If you directly translated them, a lot of the time you’d get like “cabbage the horse wheel” or something.
That reminds me of the “Password Strength” comic by xkcd. All right, it’s settled. Next time I need new password, I’m feeding random names into a phonetic name translator.
So the characters are still words, right? As in not phonetics? Would it be like someone named Tristan getting the Spanish word Triste because it sounds like Tristan?
So the characters are still words, right?
Most likely yes. All characters in Chinese are defined jointly by the way it’s written, the pronunciation, and meaning. You can’t invent new characters like you would a new English word and have something that can be read out loud because there’s no system for deriving pronunciation from the written character itself.
I say most likely because there are still some characters that are phonetic in that their meaning is just the sound, but these don’t cover the whole spectrum of possible sounds in the language as far as I know. They also wouldn’t look as nice in tattoo form since they all use the same radical.

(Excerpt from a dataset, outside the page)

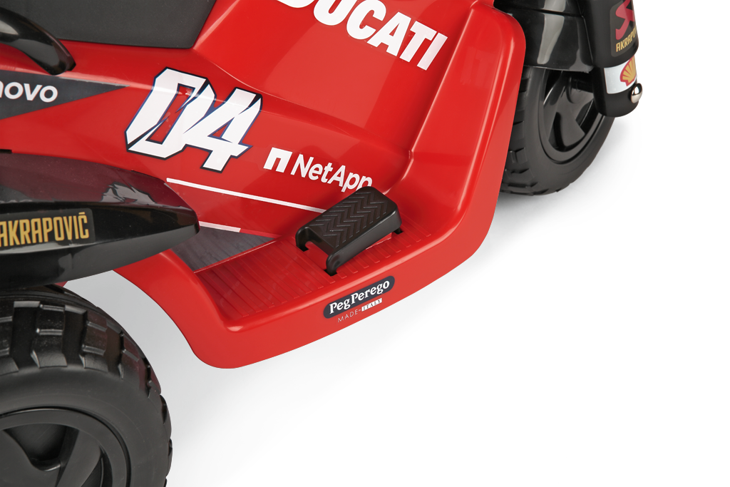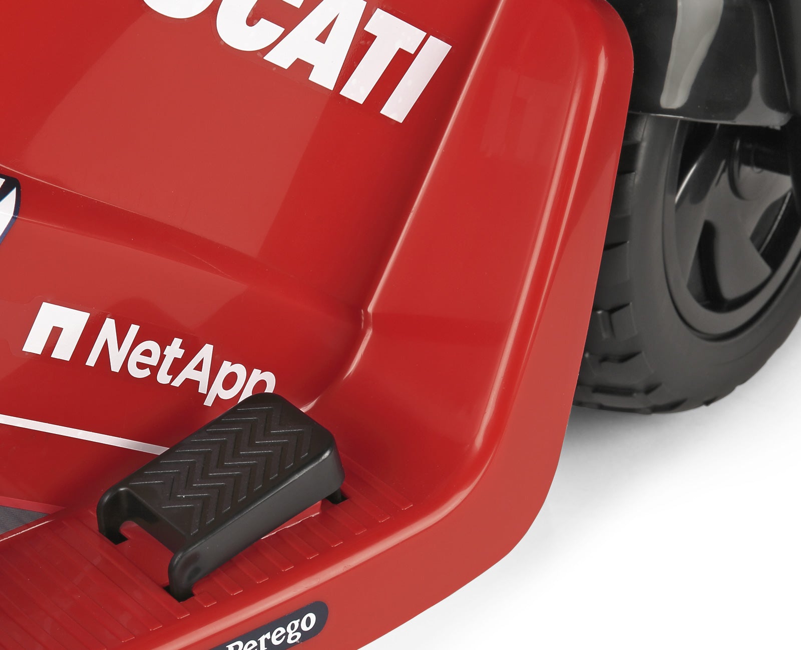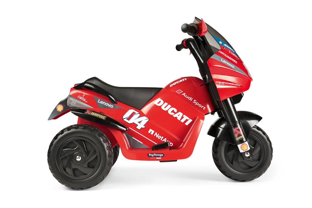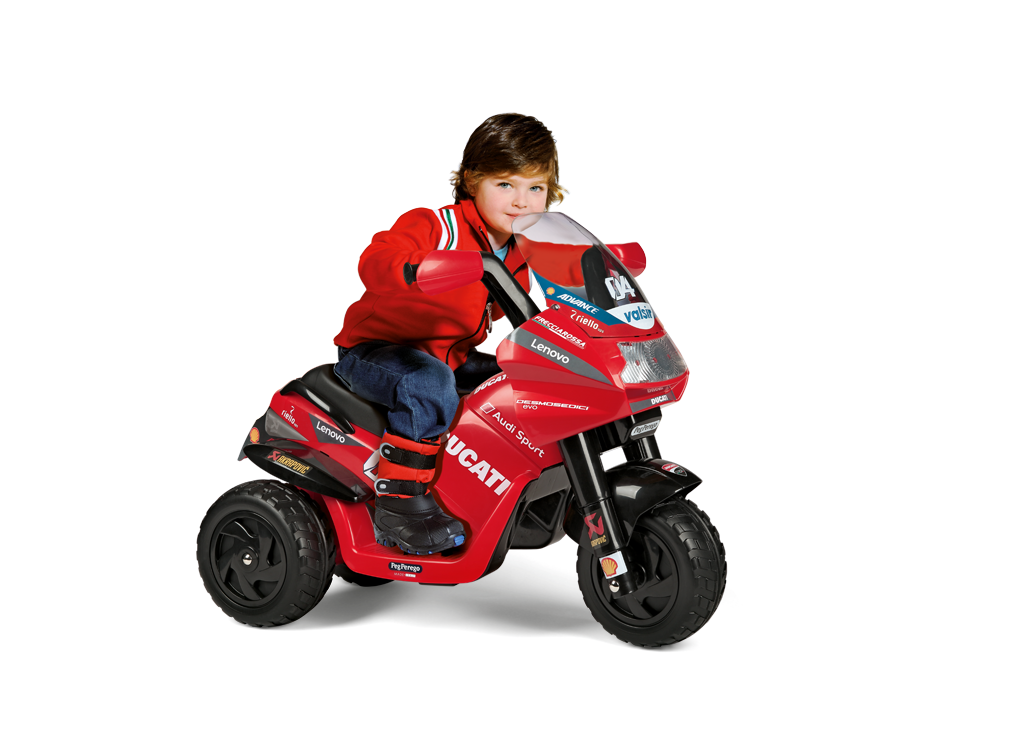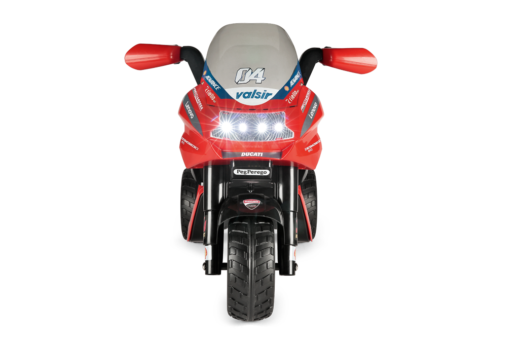 The legendary Ducati Desmosedici Evo - for Ducati bikers of the future. This all-Italian gem shows its extraordinary "EVOlution" with its even higher-performing characteristics. Lights, sounds, music and a horn, for great fun from the age of 2. The electric motorcycle operates with a 6V/4.5Ah/25Wh rechargeable battery.

Tristán is a proper local name in Spanish
I’m aware, it was just the first English name and Spanish word I could think of that sounded similar for the example.
The Chinese English professor told me that my name meant something like “strong ox” and hers meant “beautiful lotus,” but I have no way to verify that, as I no longer have the box. She does.
i would guess your name is John? “strong ox” seems 犟 to me(upper part is strong, bottom ox), beautiful lotus i got no idea.
Shawn actually. But that does seem similar to the character he gave me
Ooo may I have a guess - Daniel and Lilian?
edit - typo
Nope.
Ah nevermind then. Thought I got what the characters were haha
Upvote because I was sure you’d have it.